In IL-1beta (interleukin 1beta)-stimulated rat hepatocytes exposed to superoxide, we have previously identified an IRX (inflammatory redox)-sensitive DR1 [direct repeat of RG(G/T)TCA with one base spacing] cis-acting activator element (nt -1327 to -1315) in the iNOS (inducible nitric oxide synthase) promoter: AGGTCAGGGGACA. The corresponding transcription factor was identified to be HNF4alpha (hepatocyte nuclear factor-4alpha). HNF4alpha DNA binding activity and transactivation potential are tightly regulated by its state of phosphorylation.

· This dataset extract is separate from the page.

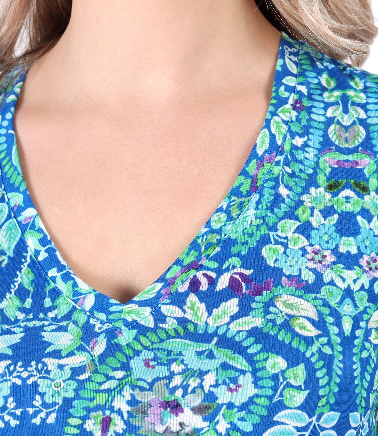 Blouse made of thin elastic jersey printed with floral motifs, short sleeves and V-neckline.

However, the functional consequences of IRX-mediated post-translational phosphorylation of HNF4alpha have not been well characterized. In the setting of IL-1beta+H2O2, HNF4alpha functional activity is associated with a unique serine/threonine phosphorylation pattern. This indicates that an IRX-sensitive serine/threonine kinase pathway targets HNF4alpha to augment hepatocyte iNOS transcription. In the present study, following identification of phosphorylated residues in HNF4alpha, serial mutations were performed to render the target residues phosphorylation-resistant. Electrophoretic mobility-shift assays and transient transfection studies utilizing the iNOS promoter showed that the S158A mutation ablates IRX-mediated HNF4alpha DNA binding and transactivation. Gain-of-function mutation with the S158D phosphomimetic HNF4alpha vector supports a critical role for Ser158 phosphorylation. In vitro phosphorylation and kinase inhibitor studies implicate p38 kinase activity. Our results indicate that p38 kinase-mediated Ser158 phosphorylation is essential for augmentation of the DNA binding and transactivation potential of HNF4alpha in the presence of IL-1beta+H2O2. This pathway results in enhanced iNOS expression in hepatocytes exposed to pro-inflammatory cytokines and oxidative stress.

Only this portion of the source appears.